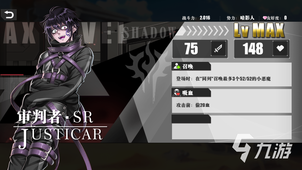 先來(lái)了解一下SR的審判者,這個(gè)品級(jí)的滿級(jí)屬性是75點(diǎn)攻擊力,血量是148點(diǎn),這個(gè)在同品級(jí)的伙伴中還是不錯(cuò)的。技能的話帶有一個(gè)召喚技能,在同列上可以召喚最多三個(gè)小惡魔來(lái)協(xié)助攻擊。小惡魔的屬性是52攻擊和血量的。第二個(gè)技能是吸血,吸血單位的話能力還是不錯(cuò)的,可以在攻擊前偷取血量來(lái)補(bǔ)充,在實(shí)戰(zhàn)中是有不錯(cuò)優(yōu)勢(shì)的。
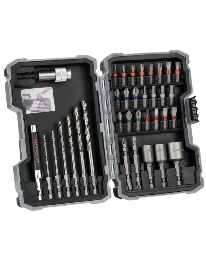 35dílná sada vrtáků a šroubovacích bitů Bosch 2607017326 Výrobní řada Příslušenství PRO Specifikace PH1; PH2; PH3; PZ1; PZ2; PZ3; SL3; SL4; SL5; SL6; H3; H4; H5; H6; T10; T15; T20; T20; T25; T27; T30; T40 35dílná sada vrtáků a šroubovacích...
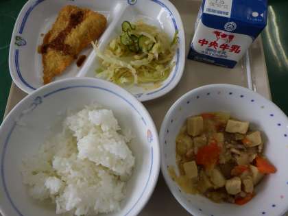 1月24日の給食は、高野豆腐のうま煮、たくあんあえ、にぎすフライ(ウスターソース)、ごはん、牛乳でした。24日から28日は全国学校給食週間です。日本の学校給食の発祥は、明治22年、山形県の小学校で始まったとされています。現在の給食は、バランスのよい食事の見本として「生きた教材」の役割を担っています。毎日、感謝していただきたいです。
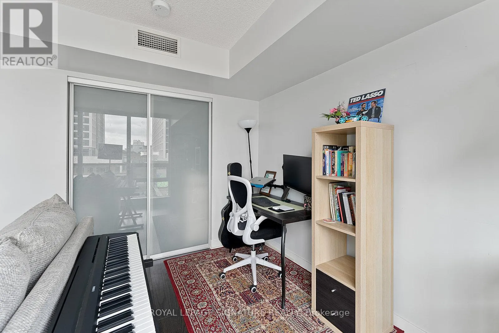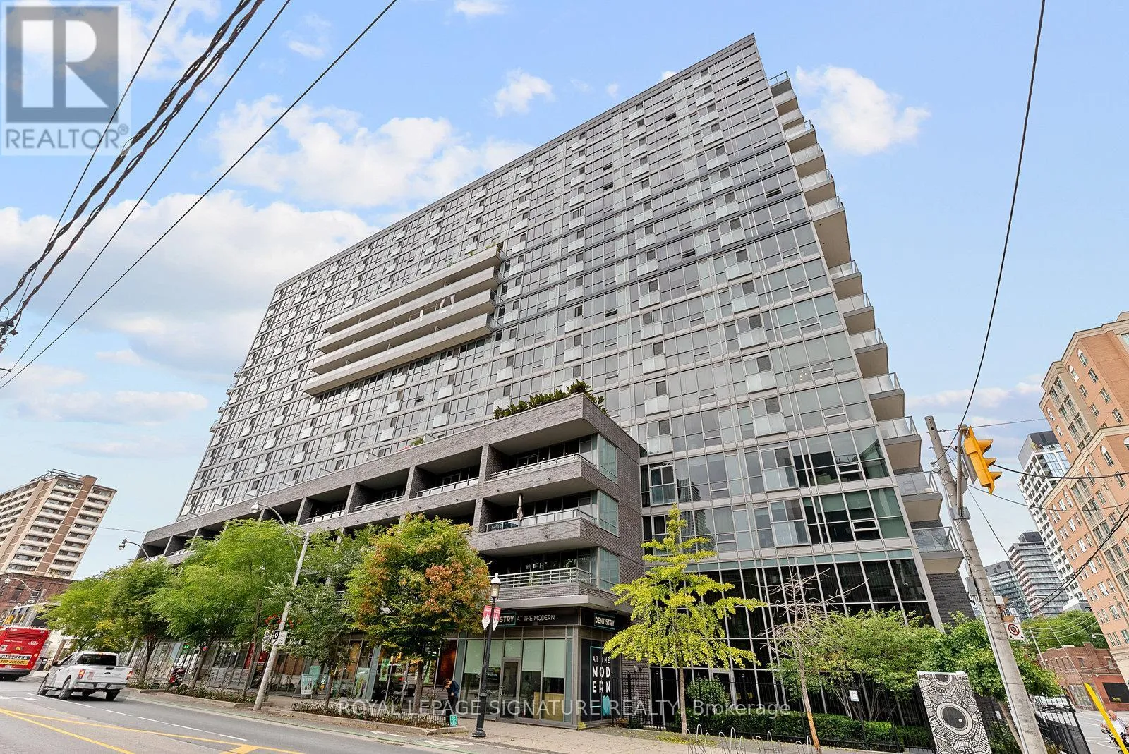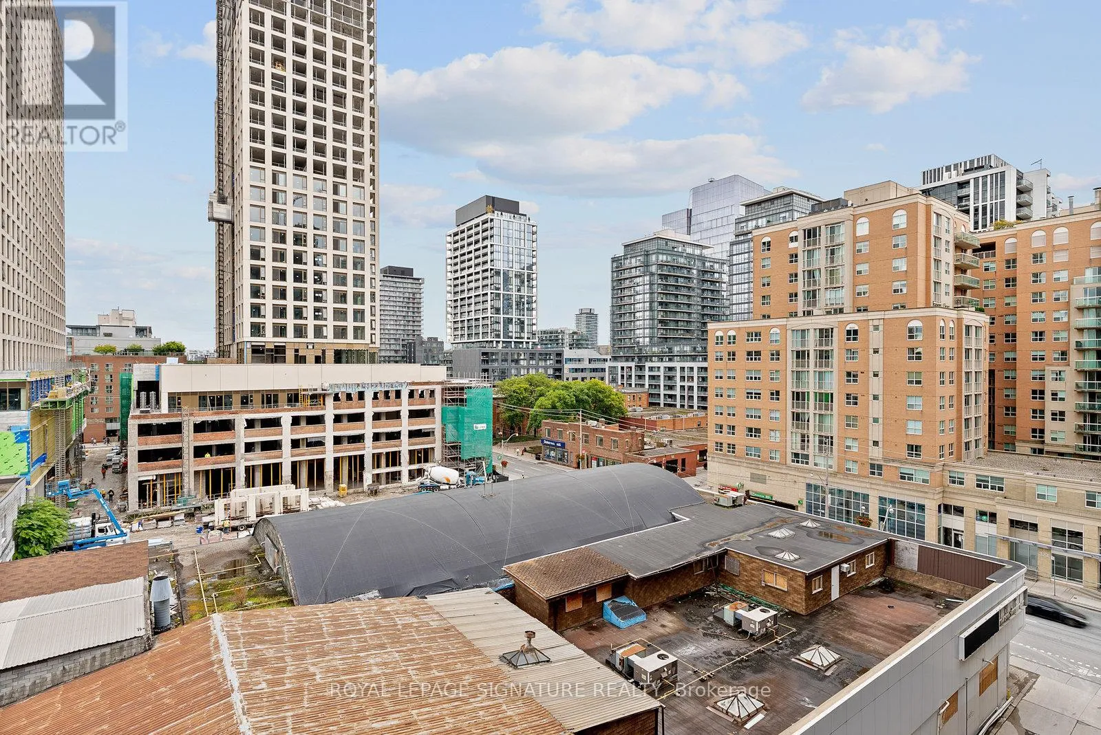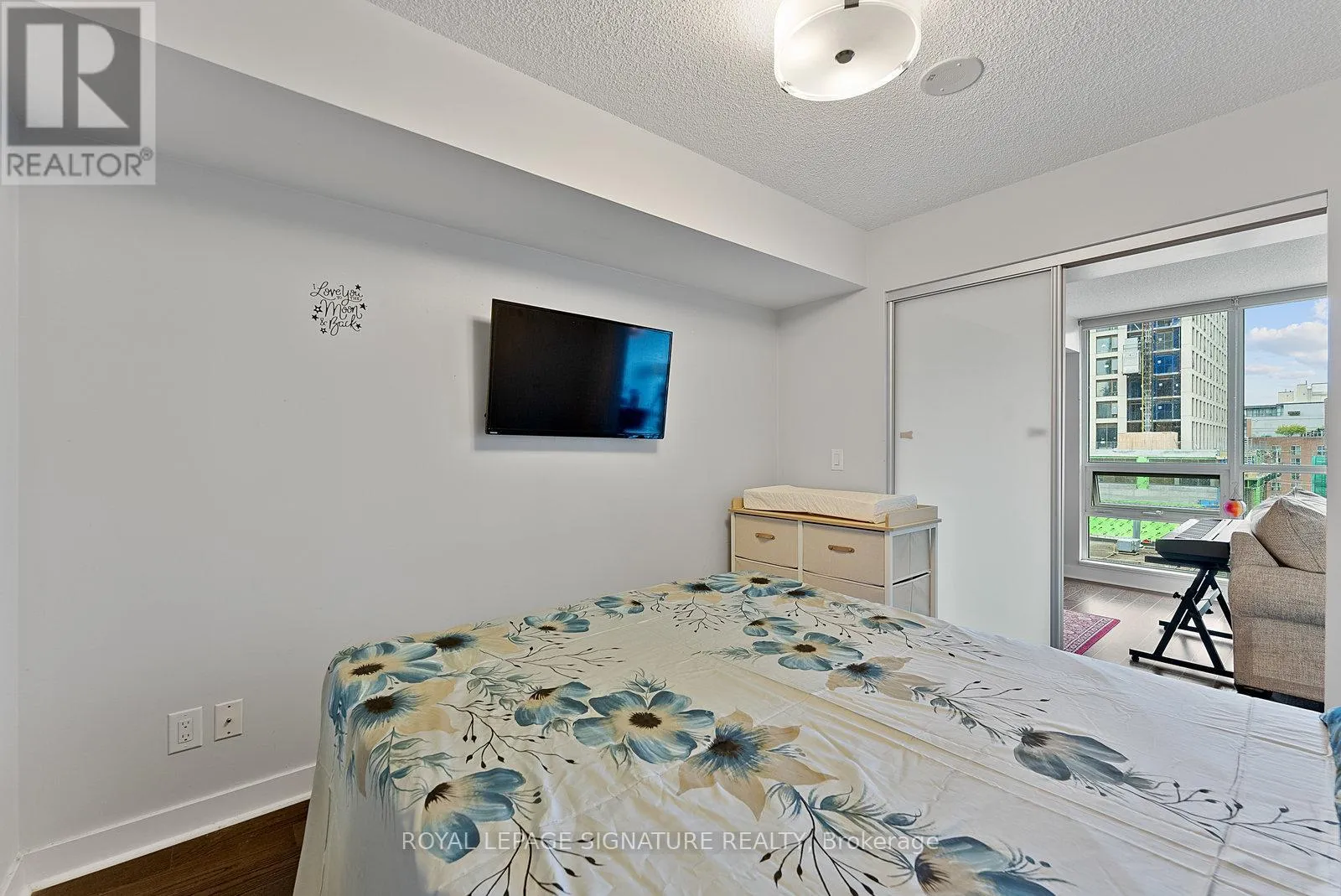 Richmond St / Sherbourne Welcome to Suite 718 at The Modern. Step into a bright and functional 1+den layout featuring a galley kitchen with stainless steel appliances overlooking the open-concept living area. The spacious living room is framed by floor-to-ceiling windows and a Juliette balcony, filling the space with natural light. The bedroom sits just off the living room with sliding glass doors and closet. Enjoy world-class building amenities including a rooftop garden with BBQ area, two plunge pools with cabanas, a party room, bar and billiards, fitness centre, yoga studio, steam room, 24-hour concierge, and visitor parking. Conveniently located with TTC at your doorstep and just a short walk to St. Lawrence Market and the Distillery District. (id:27476)

• • • • • • •

Only the pictures are to be omitted; restate everything else above exactly.

 先來(lái)了解一下SR的審判者,這個(gè)品級(jí)的滿級(jí)屬性是75點(diǎn)攻擊力,血量是148點(diǎn),這個(gè)在同品級(jí)的伙伴中還是不錯(cuò)的。技能的話帶有一個(gè)召喚技能,在同列上可以召喚最多三個(gè)小惡魔來(lái)協(xié)助攻擊。小惡魔的屬性是52攻擊和血量的。第二個(gè)技能是吸血,吸血單位的話能力還是不錯(cuò)的,可以在攻擊前偷取血量來(lái)補(bǔ)充,在實(shí)戰(zhàn)中是有不錯(cuò)優(yōu)勢(shì)的。
 35dílná sada vrtáků a šroubovacích bitů Bosch 2607017326 Výrobní řada Příslušenství PRO Specifikace PH1; PH2; PH3; PZ1; PZ2; PZ3; SL3; SL4; SL5; SL6; H3; H4; H5; H6; T10; T15; T20; T20; T25; T27; T30; T40 35dílná sada vrtáků a šroubovacích...
 1月24日の給食は、高野豆腐のうま煮、たくあんあえ、にぎすフライ(ウスターソース)、ごはん、牛乳でした。24日から28日は全国学校給食週間です。日本の学校給食の発祥は、明治22年、山形県の小学校で始まったとされています。現在の給食は、バランスのよい食事の見本として「生きた教材」の役割を担っています。毎日、感謝していただきたいです。
 Richmond St / Sherbourne Welcome to Suite 718 at The Modern. Step into a bright and functional 1+den layout featuring a galley kitchen with stainless steel appliances overlooking the open-concept living area. The spacious living room is framed by floor-to-ceiling windows and a Juliette balcony, filling the space with natural light. The bedroom sits just off the living room with sliding glass doors and closet. Enjoy world-class building amenities including a rooftop garden with BBQ area, two plunge pools with cabanas, a party room, bar and billiards, fitness centre, yoga studio, steam room, 24-hour concierge, and visitor parking. Conveniently located with TTC at your doorstep and just a short walk to St. Lawrence Market and the Distillery District. (id:27476)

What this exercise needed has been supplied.